Thursday 21st of December 2017

Kinny, thanks for sharing your success! I often like to reduce the sugar in a recipe. Good to know your reduction worked out well. I'll definitely have to try it!

Chris I.

Thursday 27th of October 2016

Hi Ramona, I couldn't resist making these today (especially because it snowed much of the day here in the Hudson Valley). You had me with your "one bowl" title, and it was as easy to make these as I had hoped. They came out great, and I love that the pumpkin flavor actually comes through in the finished product. This first batch will be gone quickly, so I'm already gearing up to make more. Thanks (I think...)

Ramona

Thursday 27th of October 2016

Hi Chris, knowing that you're not one to do much cooking or baking, I'm honored that you decided to try this recipe and even happier that you enjoyed them enough to make them again :)

Carol G

Wednesday 26th of October 2016

Hi Ramona,

Well you've got my interest now....I'm a new convert to the pumpkin-chocolate combo and love it. We got hooked on your Fudgy Zucchini Brownies this summer so I can't wait to try these.

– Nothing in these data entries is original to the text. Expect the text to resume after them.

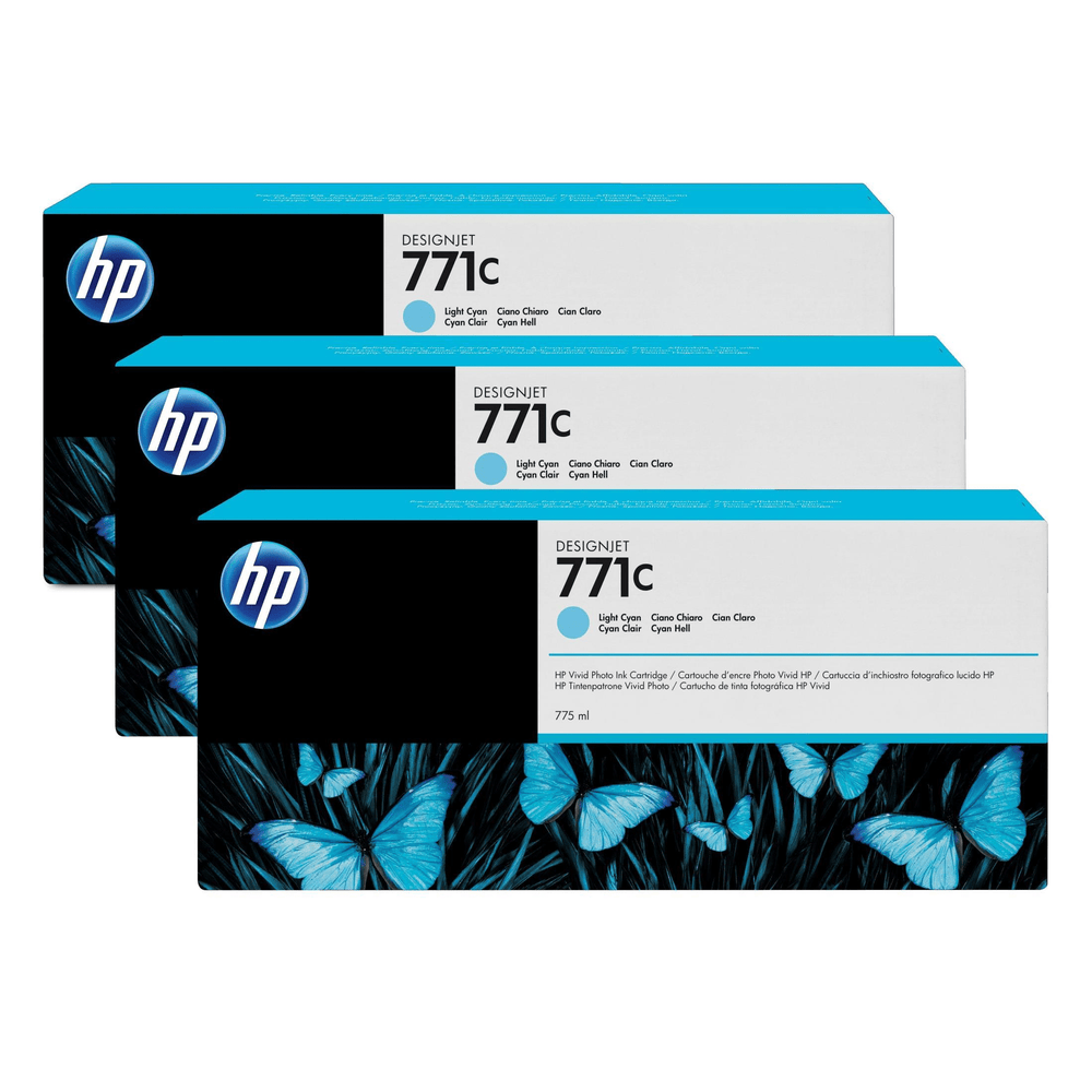 HP 771C 775-ml DesignJet Light Cyan Printer Ink Cartridges Original B6Y36A 3-pack
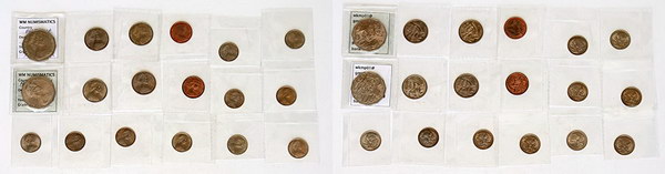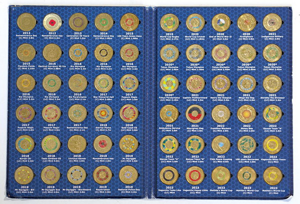 | Description: Assorted. Small album of Decimal coins. Includes: 1 Cent 1966C (2), 1966M, 1966P, 1968,1985 (2), 1987, 1988, 1989, 1990, 2006, 2016, 2019 Possum Magic, 2 Cent 2016, 20 Cent 2004 Proof (2), 2022, 50 Cent 1977 (2; one rotated 10 deg), 1981 Charles and Di, 1982 Comm Games, 2005 Comm Games, 2006, 2018, 2024 Naidoc, 1 Dollar 2018 Anzac, 2025 Matildas, 2 Dollars coloured 2016 Olympic Team, 2022 Comm Games (5), 2022 Honey Bee (4), 2022 Matildas, 2023 Vegemite red, 2024 Olympic Team, 2024 War Animals. In small Numis album, most Unc. (42 coins total). EF-FDC |
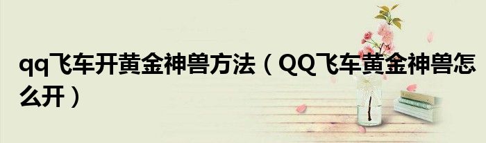 关于qq飞车开黄金神兽方法,QQ飞车黄金神兽怎么开这个很多人还不知道,今天菲菲来为大家解答以上的问题,现在让我们一起来看看吧!
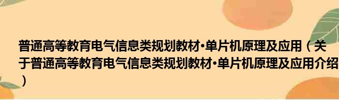 免责声明:本文由用户上传,如有侵权请联系删除!大家好,小钱来为大家解答以上的问题。普通高等教育电气信息类规划教材·单片机原理及应用,关于普通高等教育电气信息类规划教材·单片机原理及应用介绍这个很多人还不知道,现在让我们一起来看看吧!
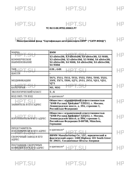 | Предприятие-изготовитель | Общество с ограниченной ответственностью "БМВ Русланд Трейдинг" 125212, г. Москва, Ленинградское шоссе, д. 39А, строение 1, Российская Федерация D-80788, München, Германия |
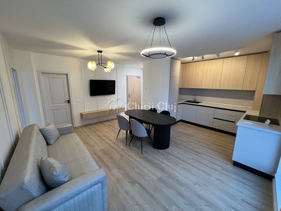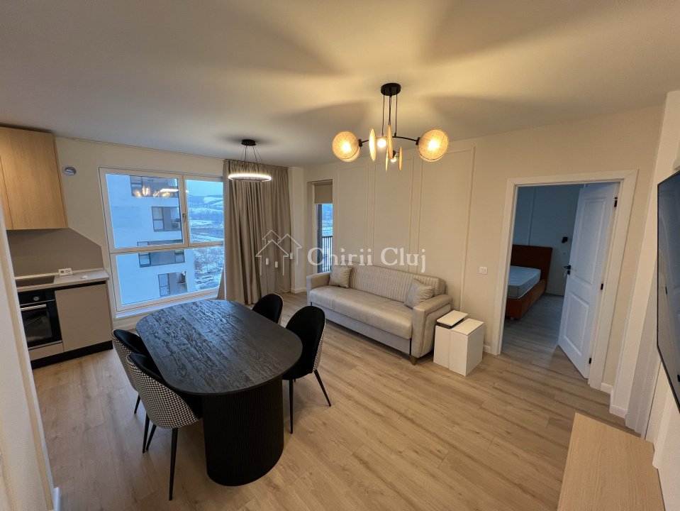 Chirii Cluj va propune spre inchiriere un apartament de lux cu 2 camere, situat in complexul rezidential Columna Residence, la etajul 5 al unui imobil nou cu regim de inaltime P+8E. Locuinta este semidecomandata si inteligent compartimentata, fiind compusa din: - Living open-space cu bucatarie - Dormitor cu dressing generos - Hol - Baie moderna - Balcon Apartamentul este mobilat modern, cu piese de calitate, si finisat la standarde premium, oferind un ambient elegant si confortabil. Dotari si beneficii: - Imobil nou construit, la standarde moderne ridicate - Sistem de aer conditionat multisplit, pentru confort termic in fiecare incapere - Centrala termica proprie cu incalzire prin pardoseala - Usa antiefractie - Masina de spalat vase si rufe, hote, combina frigorifica, cuptor electric Localizarea este un mare avantaj: - Acces facil prin bariera din parcarea complexului comercial VIVO - La doar 1 minut de mers pe jos pana la VIVO Mall - Statii de transport in comun la doar 3 minute - Acces rapid catre oras, la aproximativ 2 minute cu masina In pretul de inchiriere este inclus un loc de parcare. Aceasta proprietate este ideala pentru persoanele care isi doresc un apartament modern, intr-un complex nou, cu acces rapid la facilitati si zone comerciale importante. Pentru detalii suplimentare si programarea unei vizionari, echipa Chirii Cluj va sta cu placere la dispozitie.
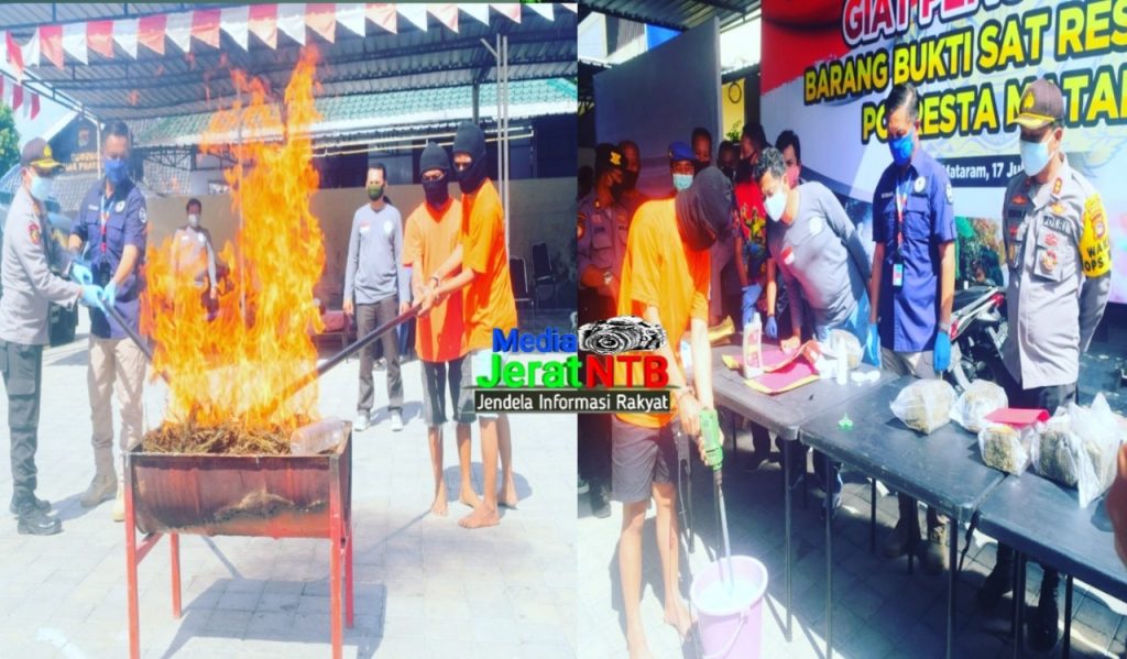 Mataram,Jeratntb.com- Satresnarkoba Polresta Mataram memusnahkan barang bukti narkotika jenis sabu seberat 3.064,99 gram dan ganja seberat 6.416 gram, dimusnahkan di lapangan Mapolres Mataram, Jum’at (17/07-20)
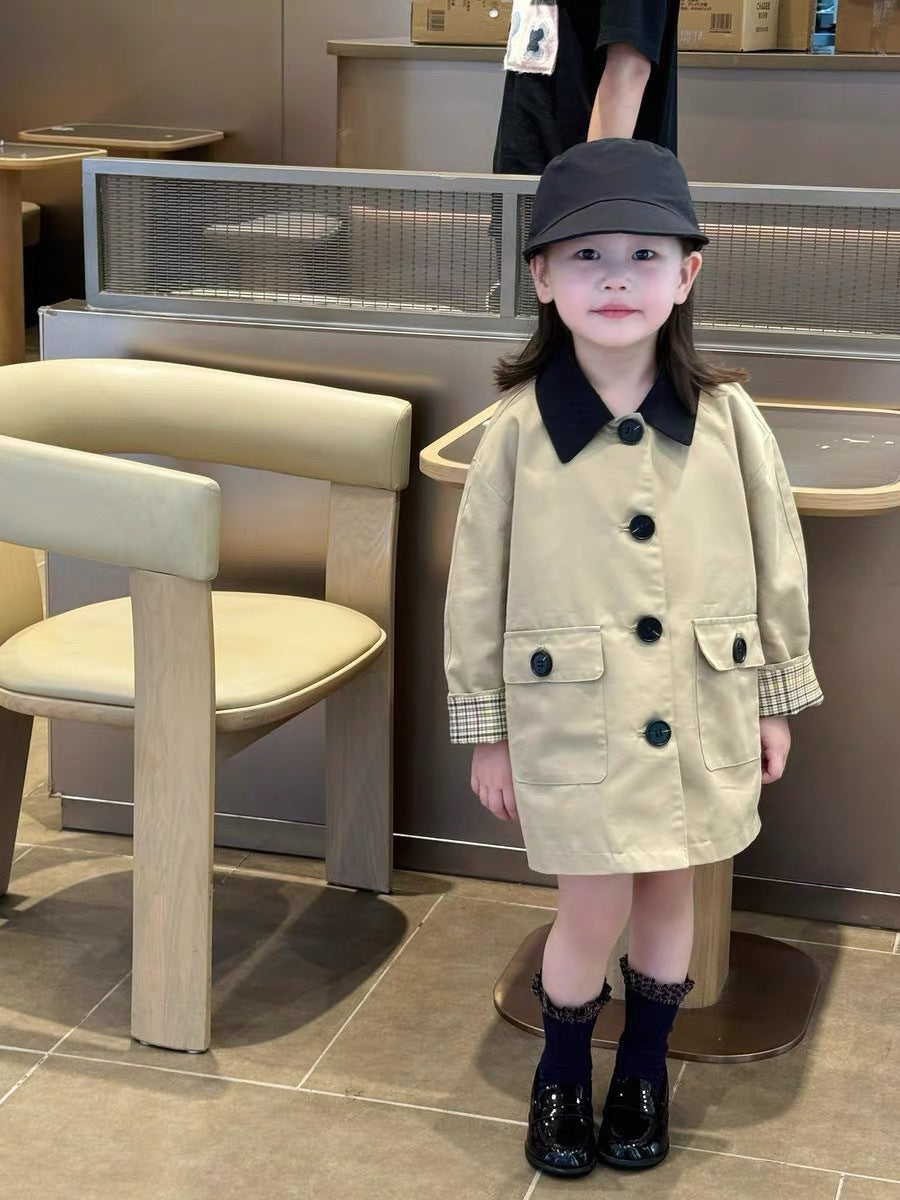 - Beige body with black contrast collar and plaid inner cuff

I'm hoping to as soon as my husband announces I can bake again since he's trying to lose weight-I doubt brownies would help him accomplish that, darn it!

I'm definitely pinning these for another day. Thanks! :)

Ramona

Thursday 27th of October 2016

Hi Carol, I think you'll love these as much as the zucchini version. I know better than anyone how hard it is to have sweets around when you're trying to avoid a splurge. However, I do feel better about this splurge than some other more decadent choices I've posted. They are a bit healthier and lower in sugar and calories than a regular brownie...and just one piece really satisfies a craving for a sweet. Wait! You should try Brownie Bark! It's only about 113 calories a piece! But...it's kind of addictive. Once piece is never enough...Okay, never mind. Your husband would not be happy with me about those, lol!